■ Task statement
Unless it is a picture, every line from the start of the entries through the line with "下图是一个简单的vue项目的" must be retyped exactly.
Data section: Begin
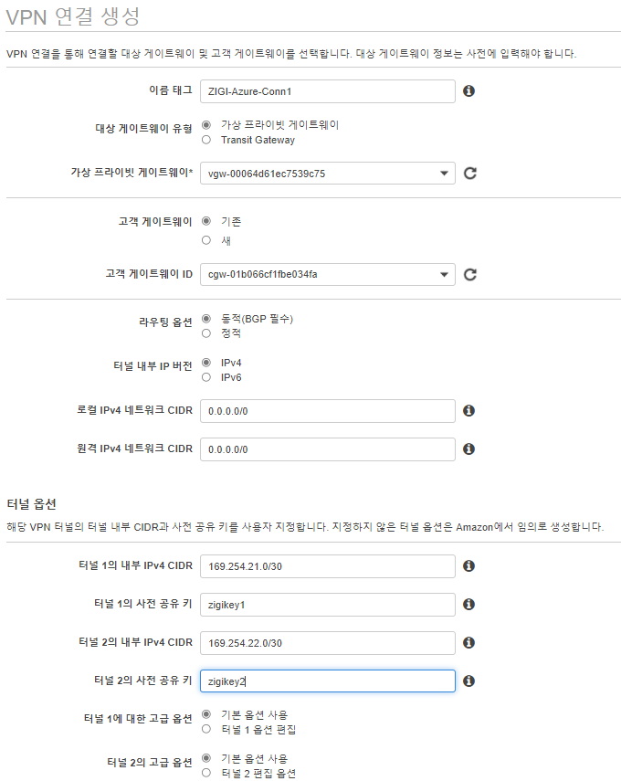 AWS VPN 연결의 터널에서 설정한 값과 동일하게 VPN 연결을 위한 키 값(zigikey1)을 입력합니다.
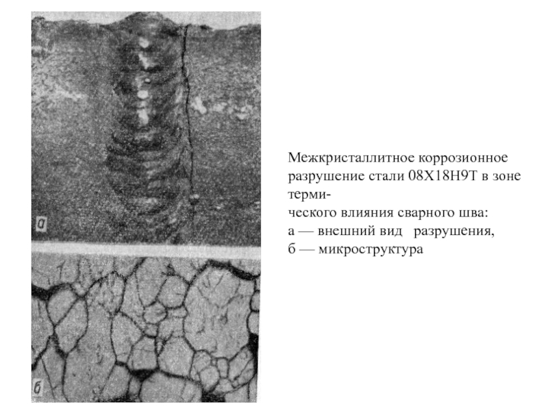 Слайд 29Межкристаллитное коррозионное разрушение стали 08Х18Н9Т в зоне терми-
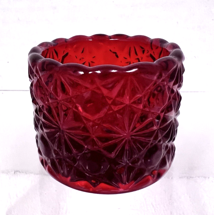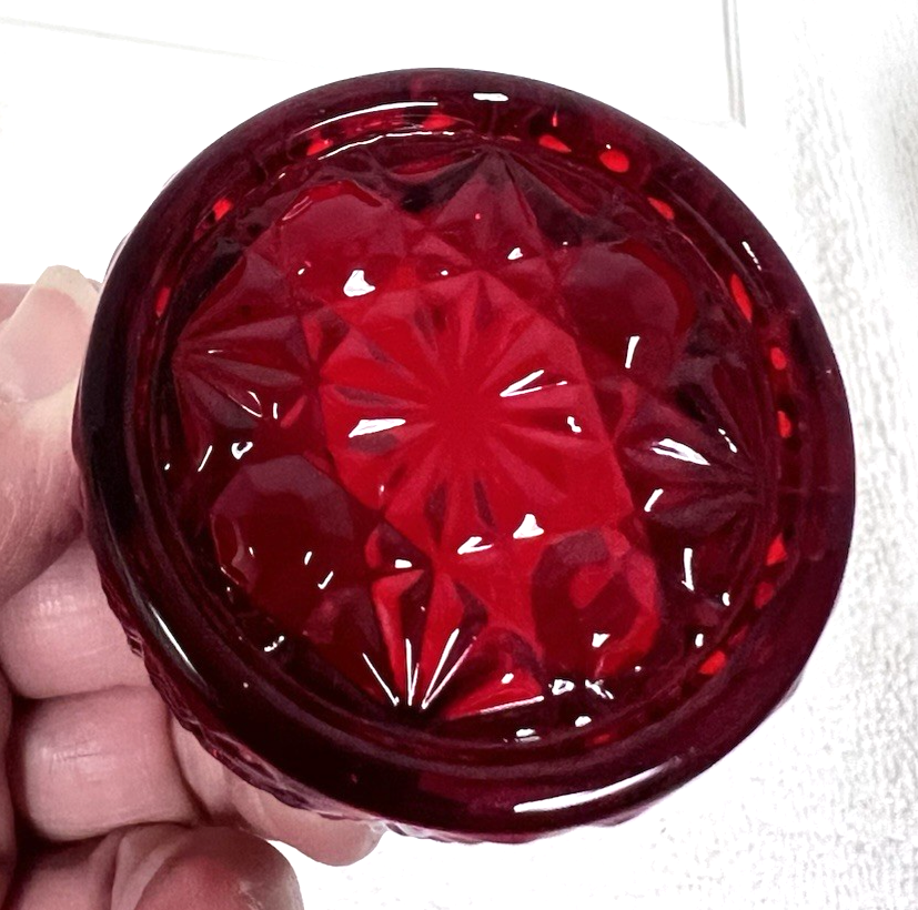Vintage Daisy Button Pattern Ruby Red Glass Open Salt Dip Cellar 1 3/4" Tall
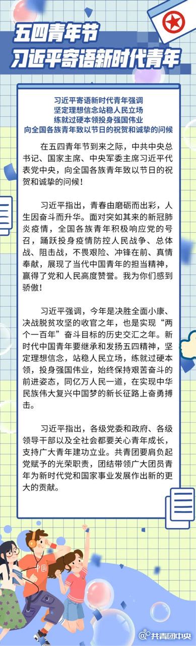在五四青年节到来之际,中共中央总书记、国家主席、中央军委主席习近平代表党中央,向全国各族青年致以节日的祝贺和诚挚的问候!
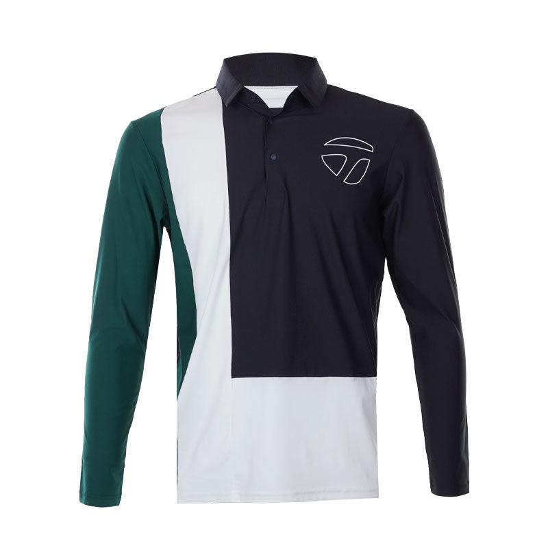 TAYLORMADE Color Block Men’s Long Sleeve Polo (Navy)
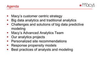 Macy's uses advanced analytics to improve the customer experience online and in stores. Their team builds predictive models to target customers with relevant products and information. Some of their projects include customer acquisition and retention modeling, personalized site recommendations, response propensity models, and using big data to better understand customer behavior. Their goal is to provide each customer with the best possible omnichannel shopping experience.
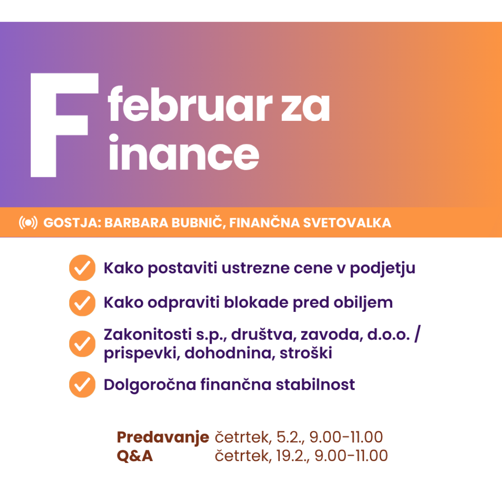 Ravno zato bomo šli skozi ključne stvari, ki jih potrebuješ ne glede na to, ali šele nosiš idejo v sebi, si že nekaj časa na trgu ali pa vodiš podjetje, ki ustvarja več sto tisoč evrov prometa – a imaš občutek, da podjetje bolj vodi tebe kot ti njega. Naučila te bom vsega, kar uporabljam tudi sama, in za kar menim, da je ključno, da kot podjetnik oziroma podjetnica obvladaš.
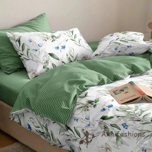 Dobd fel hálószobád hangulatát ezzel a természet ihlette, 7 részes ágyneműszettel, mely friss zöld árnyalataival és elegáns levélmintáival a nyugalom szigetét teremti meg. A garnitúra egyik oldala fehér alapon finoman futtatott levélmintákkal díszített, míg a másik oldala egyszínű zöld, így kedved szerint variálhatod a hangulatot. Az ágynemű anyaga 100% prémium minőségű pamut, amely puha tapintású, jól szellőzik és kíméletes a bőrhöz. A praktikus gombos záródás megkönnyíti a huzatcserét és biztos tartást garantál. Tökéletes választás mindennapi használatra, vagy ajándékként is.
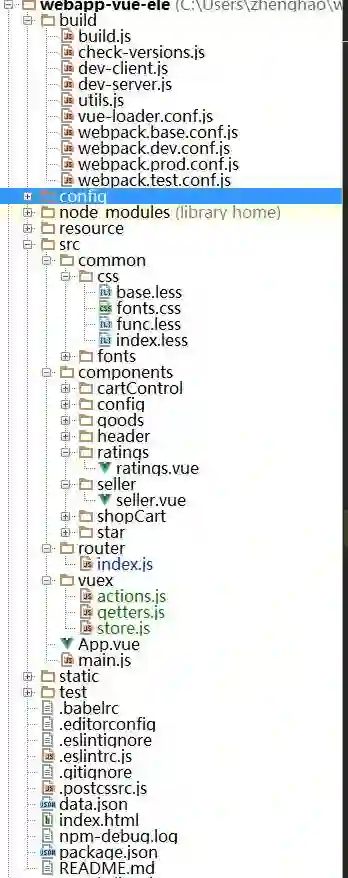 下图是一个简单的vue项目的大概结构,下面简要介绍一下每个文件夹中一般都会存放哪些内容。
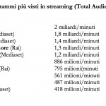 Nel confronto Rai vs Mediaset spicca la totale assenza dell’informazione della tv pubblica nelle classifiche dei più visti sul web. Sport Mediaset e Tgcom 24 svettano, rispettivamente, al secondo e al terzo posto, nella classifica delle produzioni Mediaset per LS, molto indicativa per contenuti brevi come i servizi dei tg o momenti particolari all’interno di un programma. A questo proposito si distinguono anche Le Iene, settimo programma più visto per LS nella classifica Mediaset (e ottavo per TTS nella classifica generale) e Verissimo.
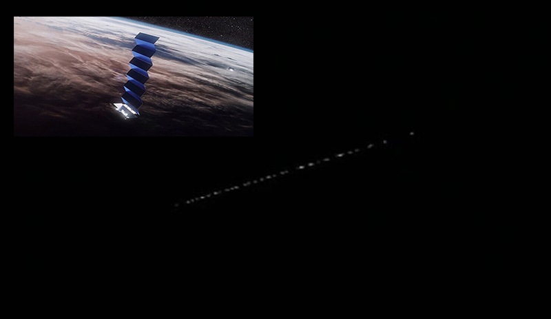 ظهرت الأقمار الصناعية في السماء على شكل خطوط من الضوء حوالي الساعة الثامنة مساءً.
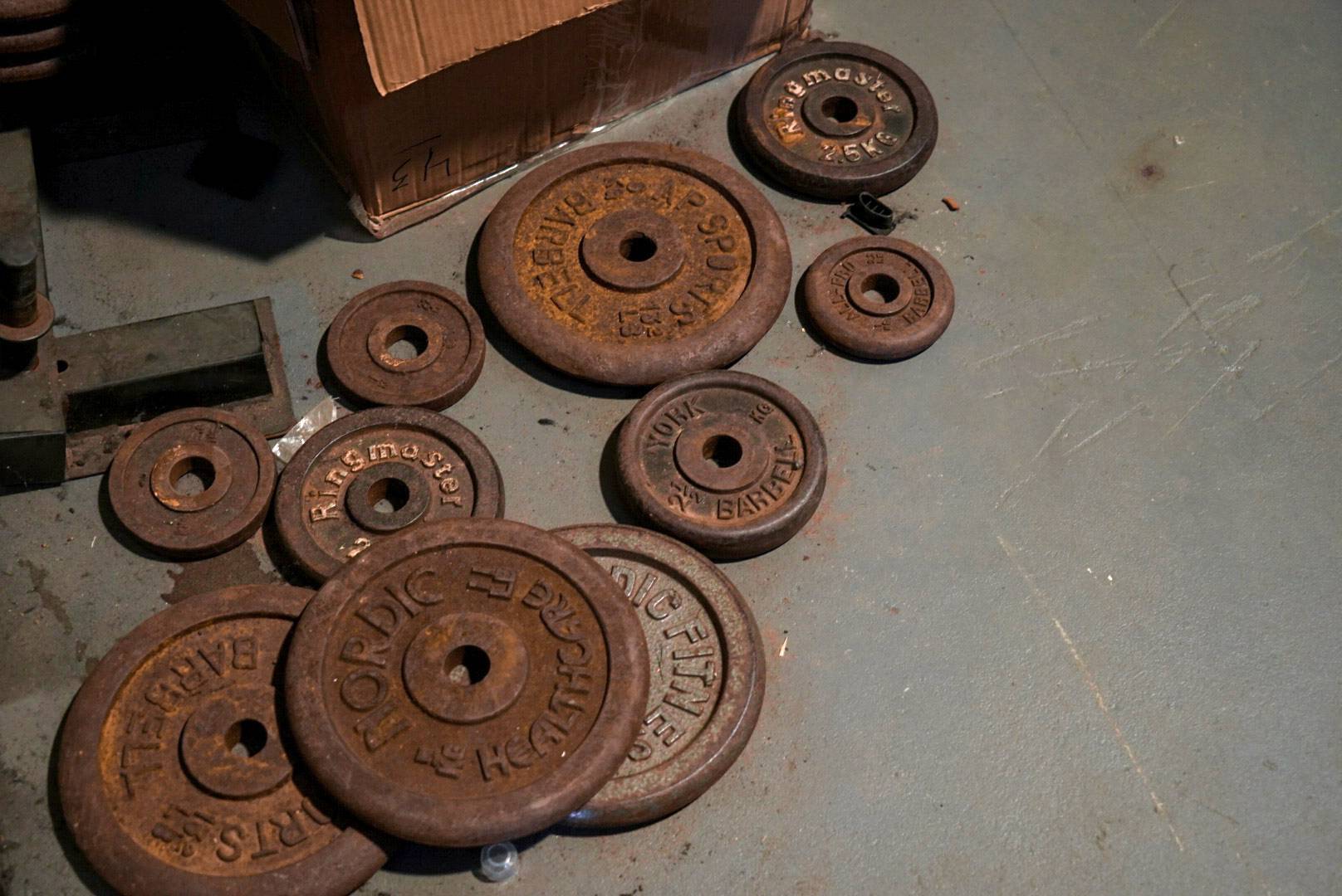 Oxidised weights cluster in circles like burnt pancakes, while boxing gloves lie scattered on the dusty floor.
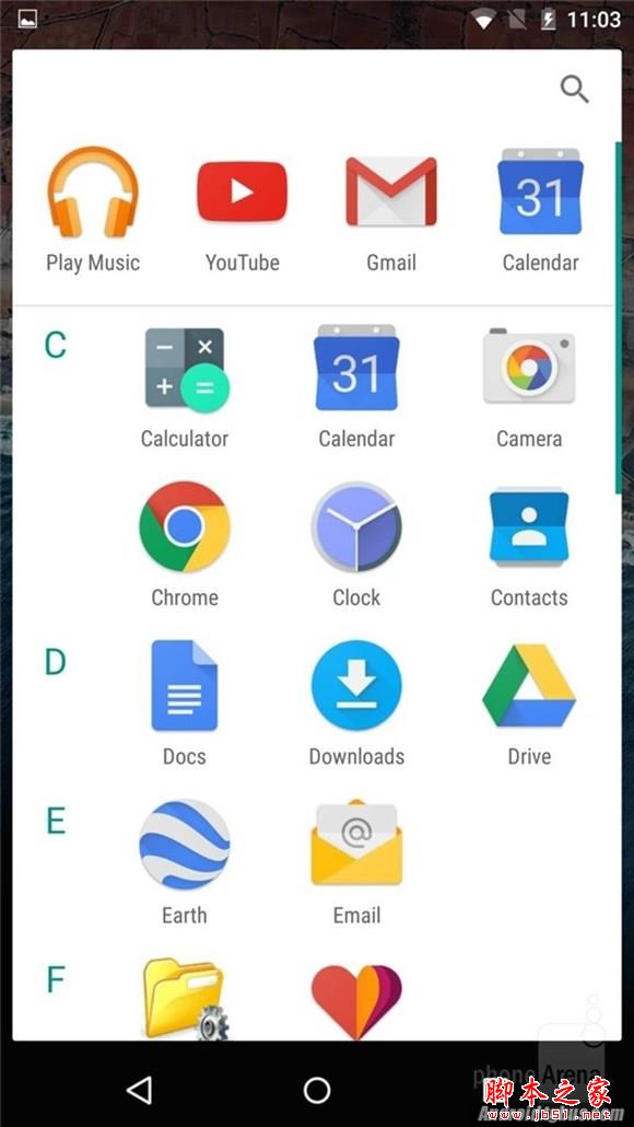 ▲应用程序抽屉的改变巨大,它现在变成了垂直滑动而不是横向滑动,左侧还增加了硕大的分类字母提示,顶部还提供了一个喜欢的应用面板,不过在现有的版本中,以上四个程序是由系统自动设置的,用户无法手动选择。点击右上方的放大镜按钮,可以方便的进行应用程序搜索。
Data section: End
■ Written answer
 AWS VPN 연결의 터널에서 설정한 값과 동일하게 VPN 연결을 위한 키 값(zigikey1)을 입력합니다.
 Слайд 29Межкристаллитное коррозионное разрушение стали 08Х18Н9Т в зоне терми-
Vintage Daisy Button Pattern Ruby Red Glass Open Salt Dip Cellar 1 3/4" Tall
在五四青年节到来之际,中共中央总书记、国家主席、中央军委主席习近平代表党中央,向全国各族青年致以节日的祝贺和诚挚的问候!
 TAYLORMADE Color Block Men’s Long Sleeve Polo (Navy)
 Macy's uses advanced analytics to improve the customer experience online and in stores. Their team builds predictive models to target customers with relevant products and information. Some of their projects include customer acquisition and retention modeling, personalized site recommendations, response propensity models, and using big data to better understand customer behavior. Their goal is to provide each customer with the best possible omnichannel shopping experience.
 Ravno zato bomo šli skozi ključne stvari, ki jih potrebuješ ne glede na to, ali šele nosiš idejo v sebi, si že nekaj časa na trgu ali pa vodiš podjetje, ki ustvarja več sto tisoč evrov prometa – a imaš občutek, da podjetje bolj vodi tebe kot ti njega. Naučila te bom vsega, kar uporabljam tudi sama, in za kar menim, da je ključno, da kot podjetnik oziroma podjetnica obvladaš.
 Dobd fel hálószobád hangulatát ezzel a természet ihlette, 7 részes ágyneműszettel, mely friss zöld árnyalataival és elegáns levélmintáival a nyugalom szigetét teremti meg. A garnitúra egyik oldala fehér alapon finoman futtatott levélmintákkal díszített, míg a másik oldala egyszínű zöld, így kedved szerint variálhatod a hangulatot. Az ágynemű anyaga 100% prémium minőségű pamut, amely puha tapintású, jól szellőzik és kíméletes a bőrhöz. A praktikus gombos záródás megkönnyíti a huzatcserét és biztos tartást garantál. Tökéletes választás mindennapi használatra, vagy ajándékként is.
 下图是一个简单的vue项目的大概结构,下面简要介绍一下每个文件夹中一般都会存放哪些内容。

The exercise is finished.